As to the presentation itself, it is almost completely apolitical, with a tone more akin to a scientific presentation, interspersed with occasional moments of light relief, such as a Matt Groening cartoon. Gore presents research from scientists working in all corners of the globe, reinforcing and giving meaning to the phrase 'global warming' in such a way that the audience remembers why this is actually a pretty serious problem. The message builds slowly to a crescendo, and is extremely well-honed and polished. At times it is revelatory and even shocking, but it is not entirely pessimistic. The message we are left with is that, sure, things are bad at the moment, and, ok, they're getting worse right now, but we have the means at our disposal to solve the problem. The only thing that is lacking - in the United States at least - is political will.

In political terms once again, I can only speculate as to how a die-hard Republican would react to 'An Inconvenient Truth', but as Al Gore presented his slideshow principally in universities on his transamerican whistle-stop tour, I can only wonder if he was primarily 'preaching to the converted'. A Republican counter-argument to this movie could be that Gore is simply promoting himself.. why else does a movie about global warming contain auto-biographical segments? Isn't he just a politician cynically trying to gain a platform for re-election?

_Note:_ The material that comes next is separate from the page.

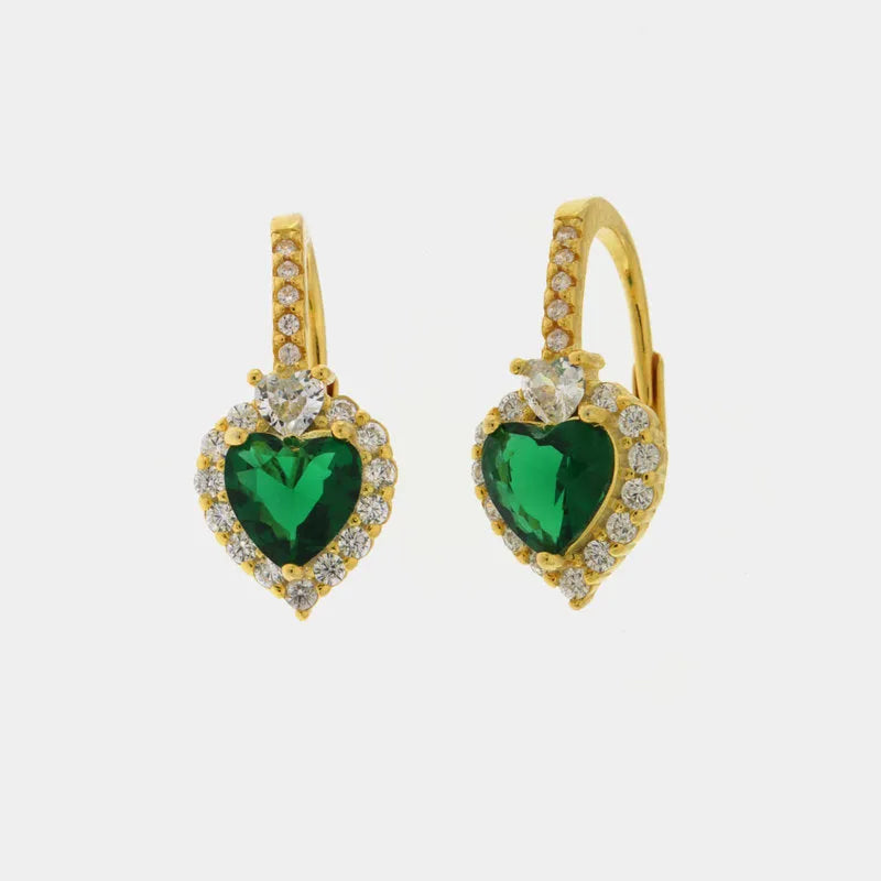 Orecchini in Argento 925 con punto luce a cuore verde impreziosito da zirconi bianchi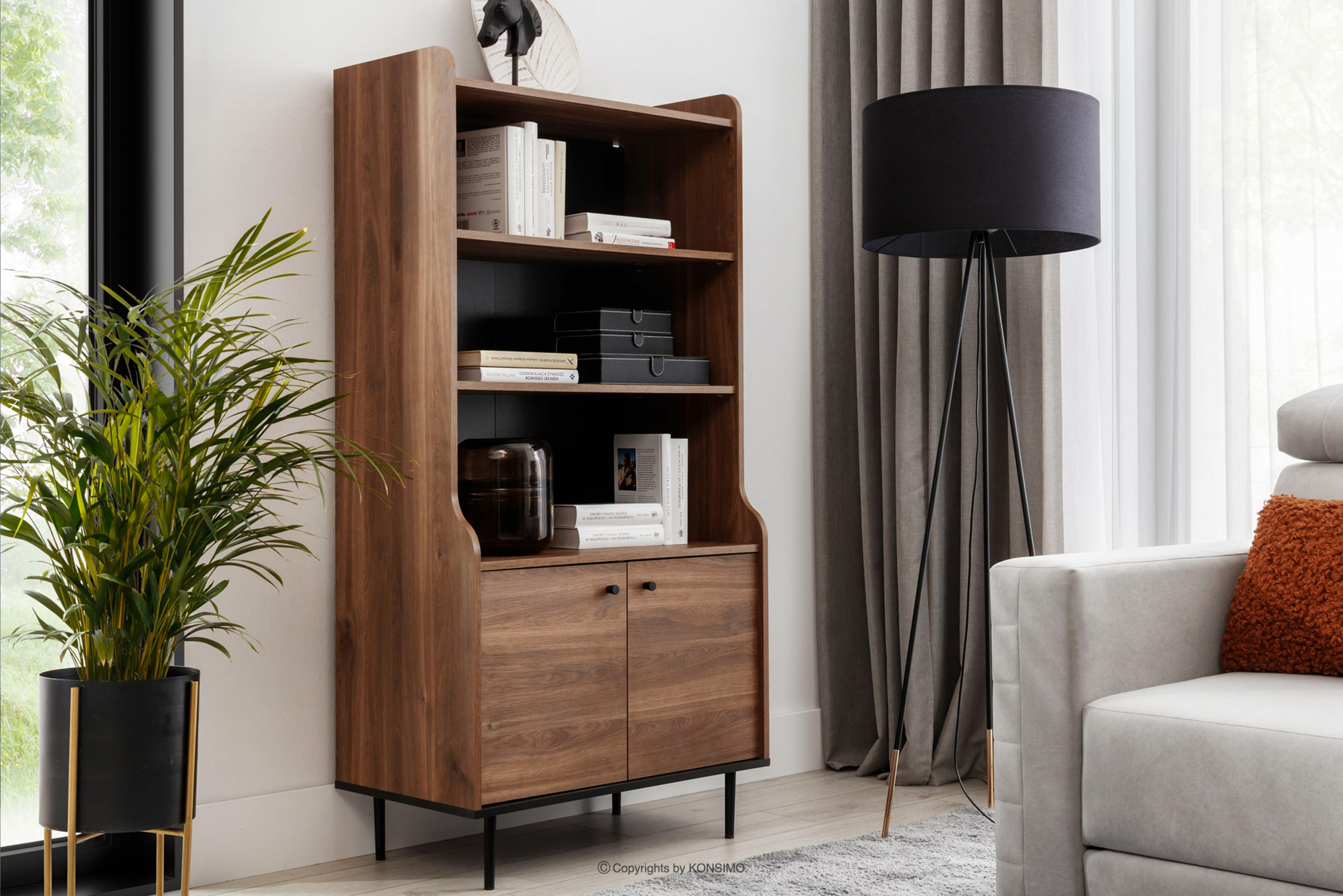 CHRISTO Objav celú kolekciu Knižnica na čiernych nohách loft- farba tmavý dub/černá

In all honesty, I don't believe this to be true. The biographical sections work in tandem with the 'green' message, and reinforce the slideshow's salient points. We don't get to know Al Gore's politics any better through the movie, we just gain a deeper understanding of how convinced he is that he is absolutely right on this environmental issue. His presentation is based on facts, but the autobiographical sections commingle with the scientific details to convince you that this man believes what he is saying. This is ultimately where the movie gains added resonance and credibility.

For me, the message of the slideshow is well delivered. Al Gore is not exactly the gregarious extrovert, but his delivery is coolly efficient. Also, the global warming message isn't new, but 'An Inconvenient Truth' succeeds in startling the audience into understanding the real urgency of tackling the problem on a global scale. It might be an old news topic, but the evidence Gore presents is recent, and hits alarmingly close to home at times.

But, lets get back to basics here: as a piece of movie entertainment, how does it hold up? Well, if we judge it as a documentary, then it holds up very well, but 'Bad Boys II' it certainly ain't. (Thank jabus for that - Ed). In all honesty, you could do a lot worse than renting 'An Inconvenient Truth'. It may surprise you, it was certainly a lot better than I expected it to be.

The verdict: Packed with Gore, and shocking in parts, but a very strong message, well-delivered. Better than PCMR thought it was going to be.